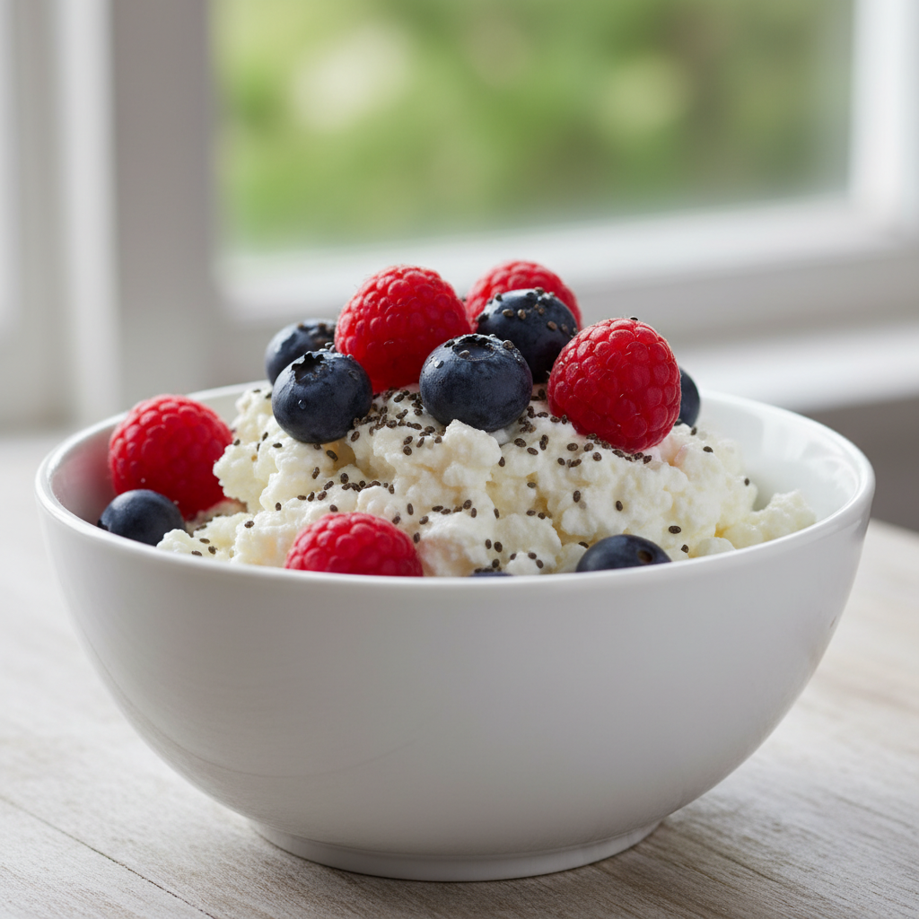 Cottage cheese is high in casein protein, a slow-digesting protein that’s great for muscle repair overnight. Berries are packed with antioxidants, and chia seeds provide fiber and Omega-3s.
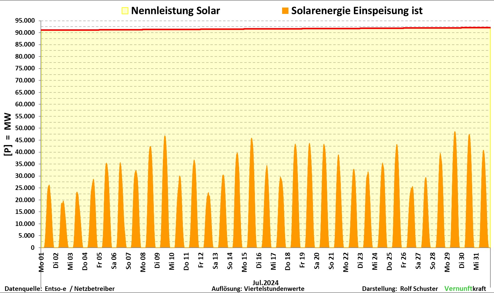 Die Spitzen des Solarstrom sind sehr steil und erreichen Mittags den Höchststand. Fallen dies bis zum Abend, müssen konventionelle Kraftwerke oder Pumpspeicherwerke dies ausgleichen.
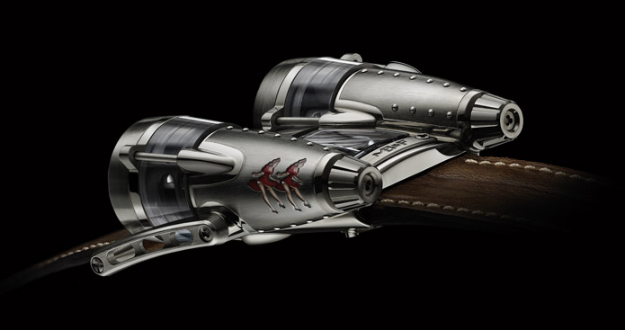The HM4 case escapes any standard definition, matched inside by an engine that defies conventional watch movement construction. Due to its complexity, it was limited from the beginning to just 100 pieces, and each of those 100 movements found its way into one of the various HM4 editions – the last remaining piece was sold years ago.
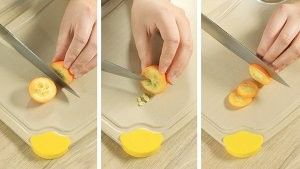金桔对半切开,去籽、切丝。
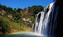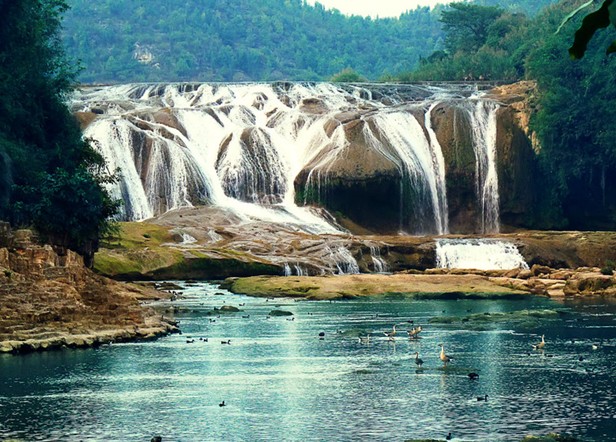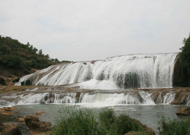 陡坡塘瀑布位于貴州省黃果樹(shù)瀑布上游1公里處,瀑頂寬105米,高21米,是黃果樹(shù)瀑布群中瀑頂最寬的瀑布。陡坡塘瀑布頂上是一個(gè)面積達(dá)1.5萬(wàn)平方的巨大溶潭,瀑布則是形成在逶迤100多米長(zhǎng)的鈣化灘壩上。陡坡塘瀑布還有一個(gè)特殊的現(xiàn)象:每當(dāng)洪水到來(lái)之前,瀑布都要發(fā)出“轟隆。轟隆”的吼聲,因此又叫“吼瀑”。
....................
Your task >>
Write out all the entries word for word, but drop the pictures.

Result of the exercise >>
 Cottage cheese is high in casein protein, a slow-digesting protein that’s great for muscle repair overnight. Berries are packed with antioxidants, and chia seeds provide fiber and Omega-3s.
 Die Spitzen des Solarstrom sind sehr steil und erreichen Mittags den Höchststand. Fallen dies bis zum Abend, müssen konventionelle Kraftwerke oder Pumpspeicherwerke dies ausgleichen.
The HM4 case escapes any standard definition, matched inside by an engine that defies conventional watch movement construction. Due to its complexity, it was limited from the beginning to just 100 pieces, and each of those 100 movements found its way into one of the various HM4 editions – the last remaining piece was sold years ago.
金桔对半切开,去籽、切丝。
 陡坡塘瀑布位于貴州省黃果樹(shù)瀑布上游1公里處,瀑頂寬105米,高21米,是黃果樹(shù)瀑布群中瀑頂最寬的瀑布。陡坡塘瀑布頂上是一個(gè)面積達(dá)1.5萬(wàn)平方的巨大溶潭,瀑布則是形成在逶迤100多米長(zhǎng)的鈣化灘壩上。陡坡塘瀑布還有一個(gè)特殊的現(xiàn)象:每當(dāng)洪水到來(lái)之前,瀑布都要發(fā)出“轟隆。轟隆”的吼聲,因此又叫“吼瀑”。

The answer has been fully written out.